Task to complete >> Omit the pictures and print exactly the lines of the listing below, starting at the first and ending at the line containing "Bracciale femminile Swarovsky, della".

----- Data shown

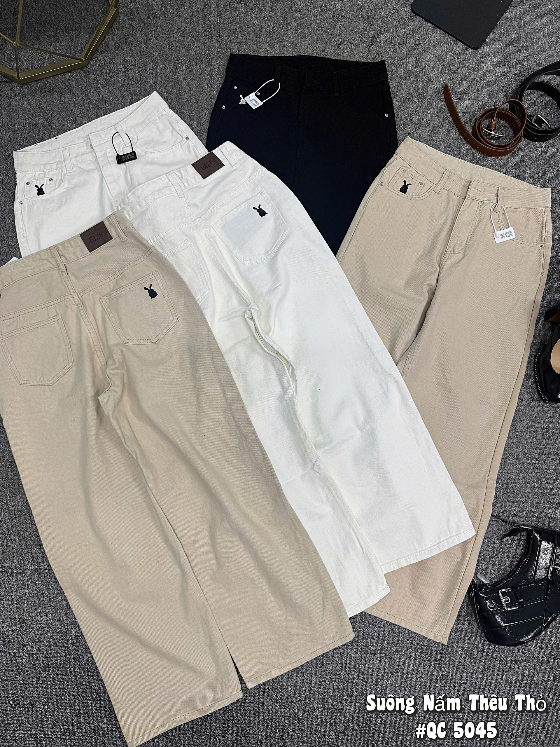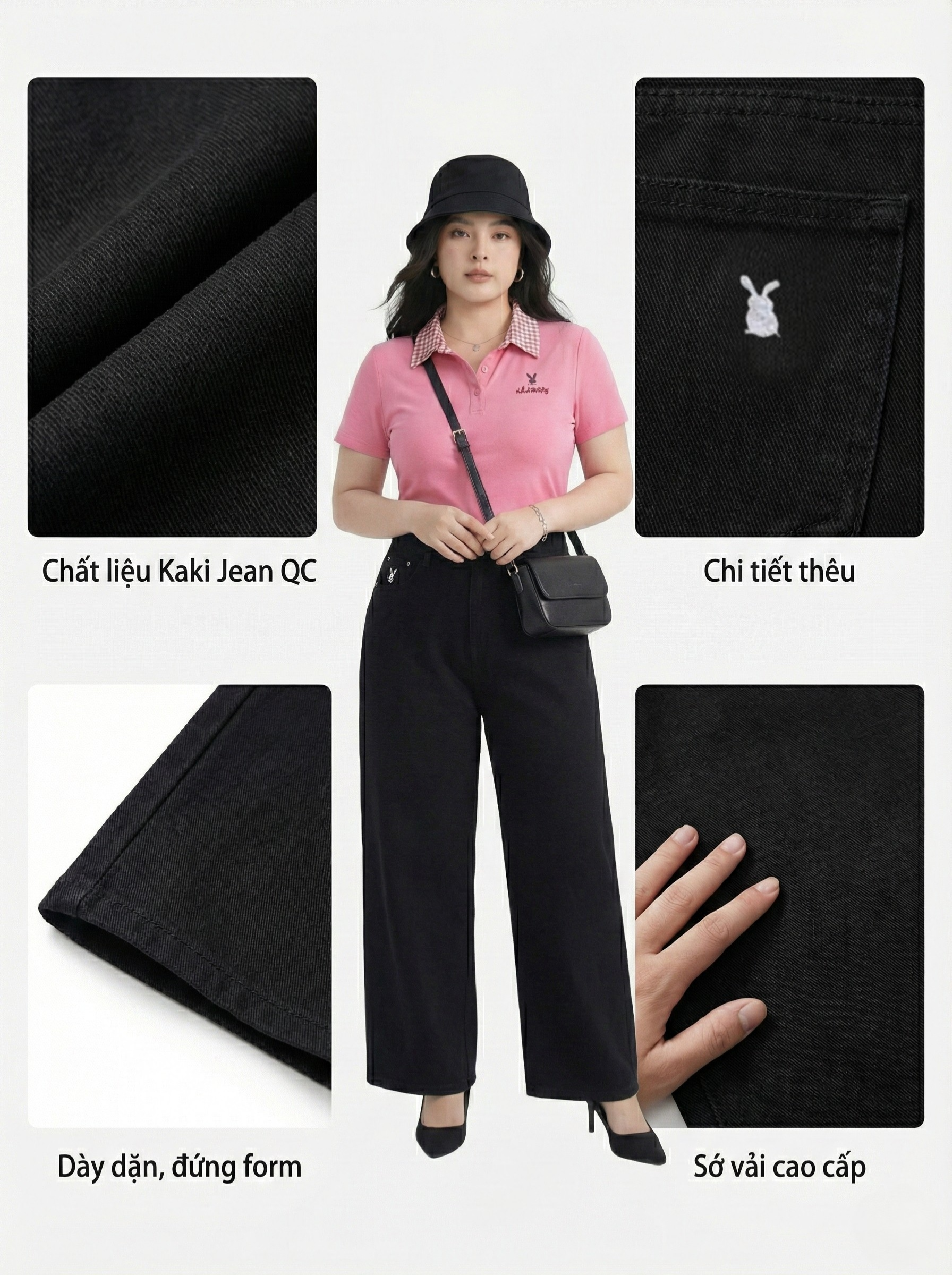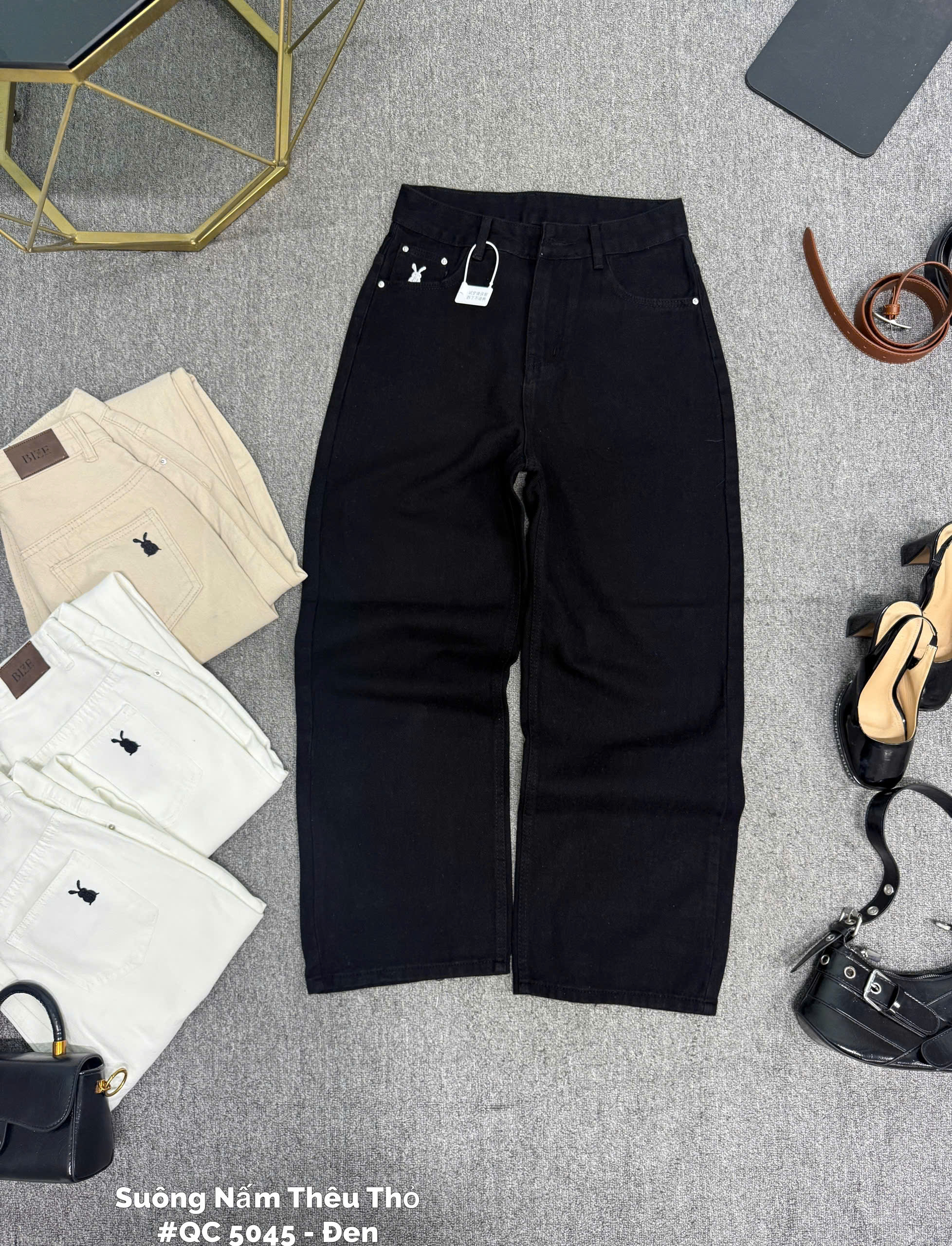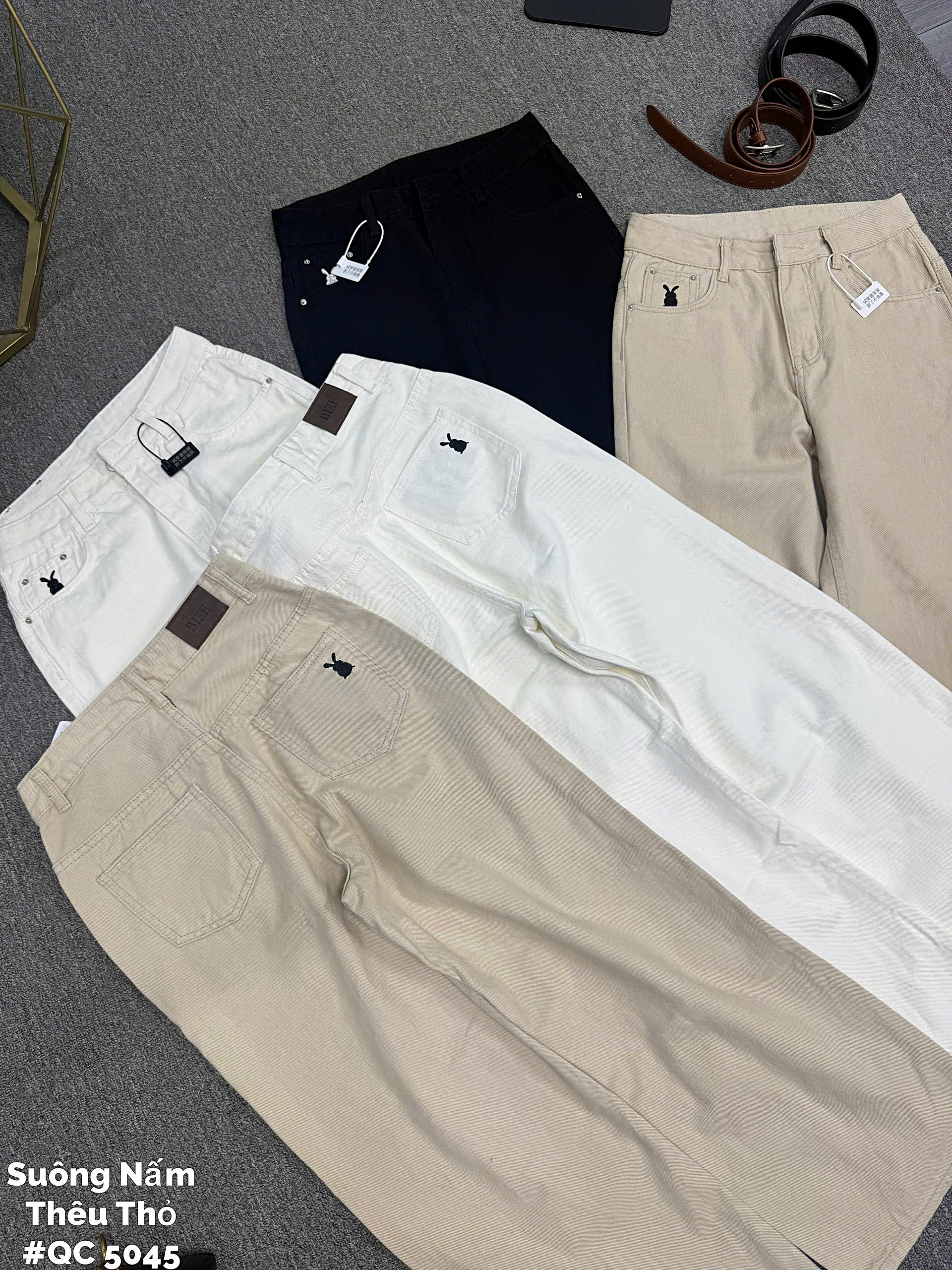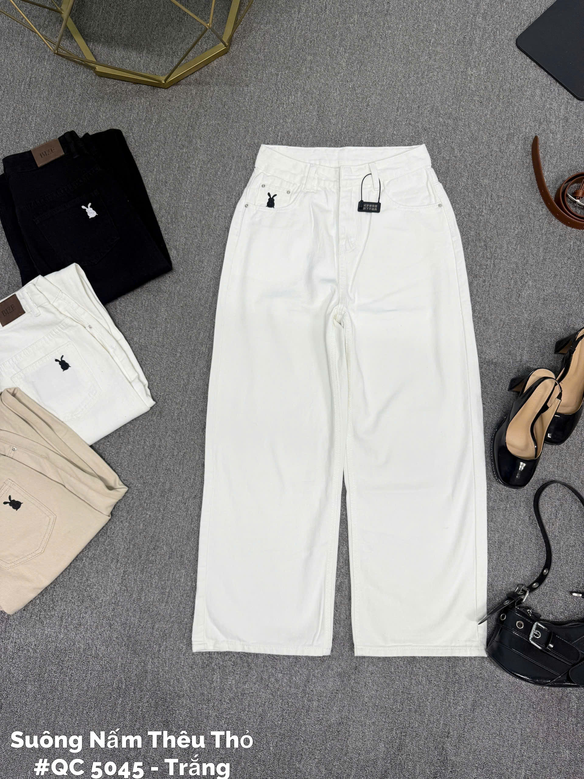 - Kiểu dáng : quần jean ống suông lưng cao , form basic , có túi thật trước và sau , lưng cao giúp hack dáng che bụng mỡ , thêu thỏ ở thân trước và sau tạo điểm nhấn cho quần , độ dài từ 97cm.
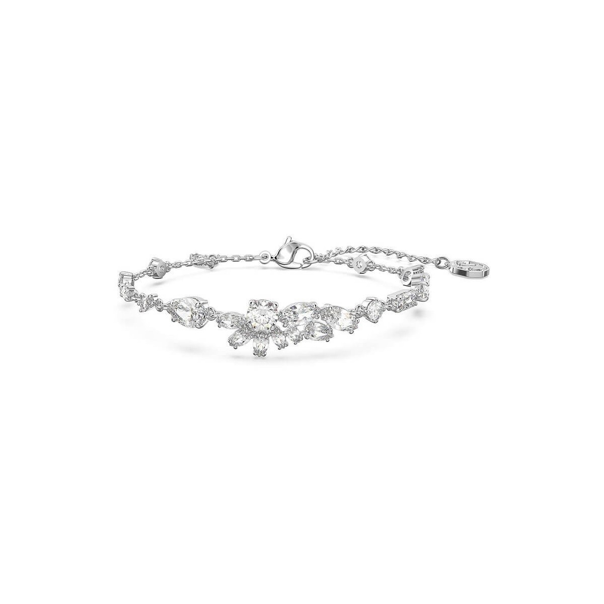 Bracciale femminile Swarovsky, della collezione Gema, realizzato in metallo rodiato e composto da una serie di cristalli bianchi dalle forme geometriche diverse che si compongono in un motivo centrale floreale asimmetrico. Chiusura a moschettone regolabile.
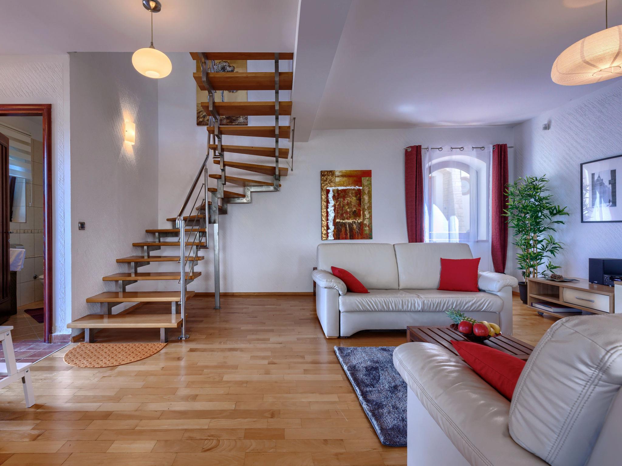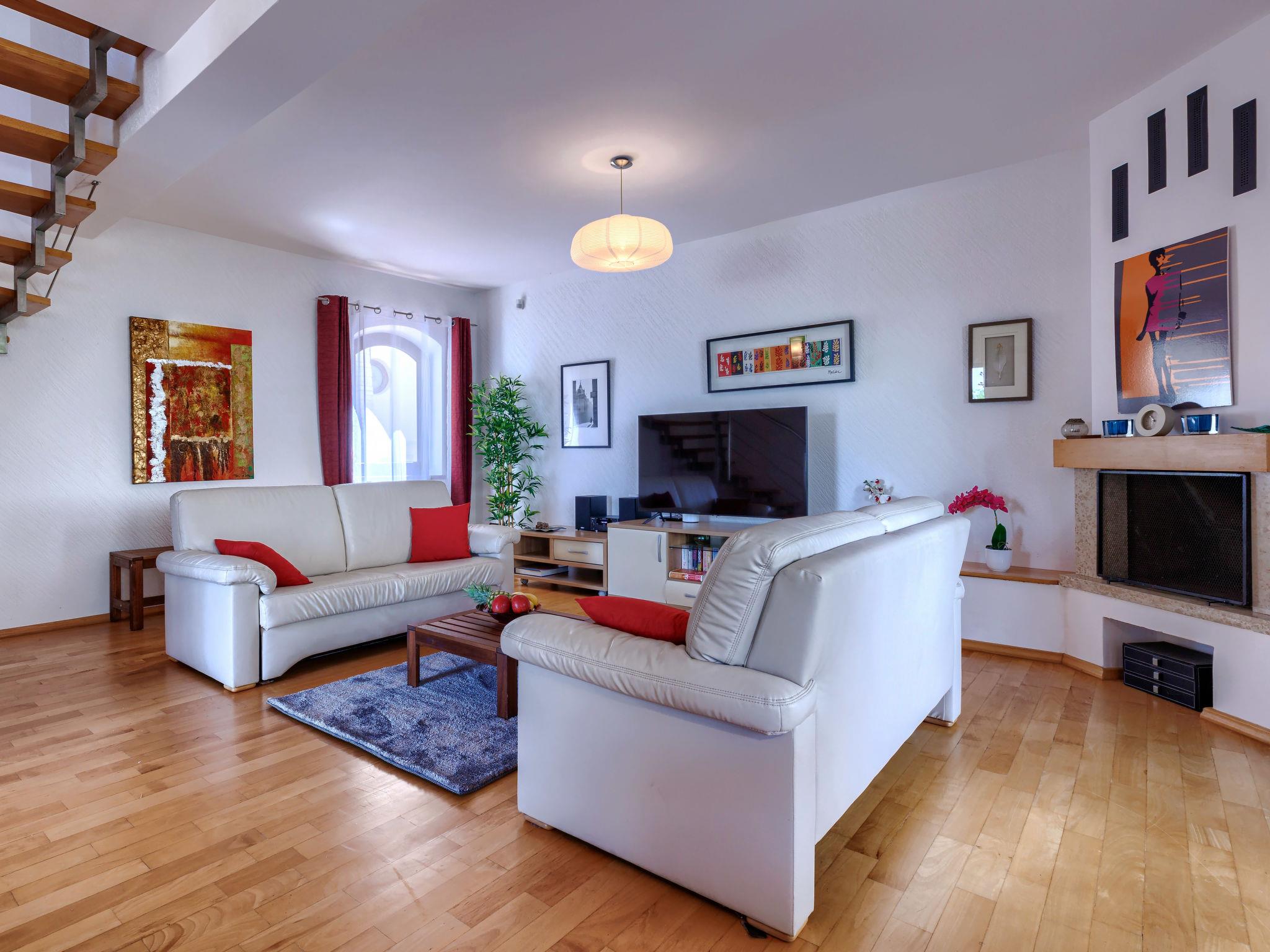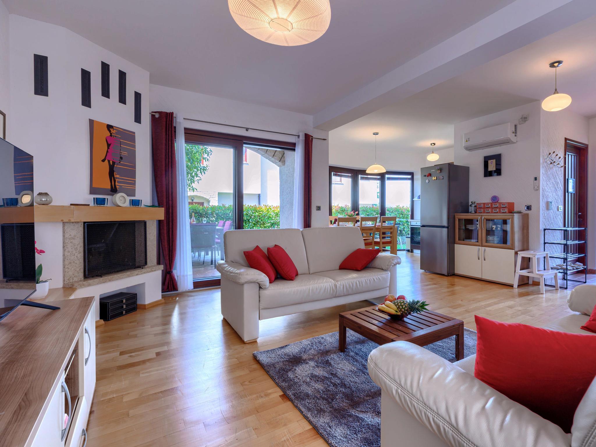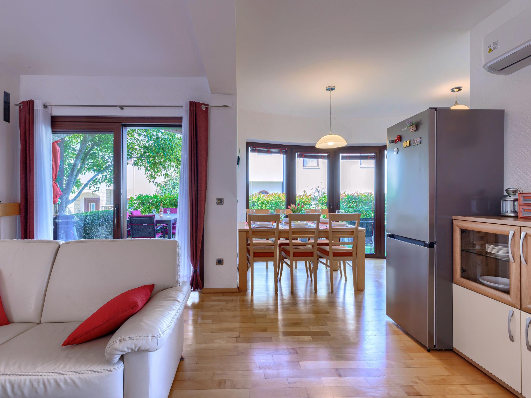 Comfortable terraced house "Dlan", 2 storeys. 600 m from the centre of Tar, 7 km from the centre of Novigrad, 11 km from the centre of Porec, 3 km from the sea, 3.5 km from the beach. For shared use: swimming pool angular (8 x 4 m, depth 80 - 150 cm, seasonal availability: 01.May. - 01.Nov.) with internal staircase. Outdoor shower, tennis. Private: property 200 m2 (fenced) with wildlife garden. Terrace (6 m2), garden furniture. In the house: internet access, washing machine. Shop 600 m, supermarket 2 km, restaurant 250 m, café 600 m, bus stop 1.4 km, sandy beach 3.5 km pebble beach 3.5 km, shingle beach 3.5 km. Tennis 5 km, riding stable 5 km, walking paths from the house, cycle lane 30 m. Nearby attractions: Aquapark 5.5 km. Please note: airfield 64 km from the property.

----------

Result of the task >>
 - Kiểu dáng : quần jean ống suông lưng cao , form basic , có túi thật trước và sau , lưng cao giúp hack dáng che bụng mỡ , thêu thỏ ở thân trước và sau tạo điểm nhấn cho quần , độ dài từ 97cm.
 Bracciale femminile Swarovsky, della collezione Gema, realizzato in metallo rodiato e composto da una serie di cristalli bianchi dalle forme geometriche diverse che si compongono in un motivo centrale floreale asimmetrico. Chiusura a moschettone regolabile.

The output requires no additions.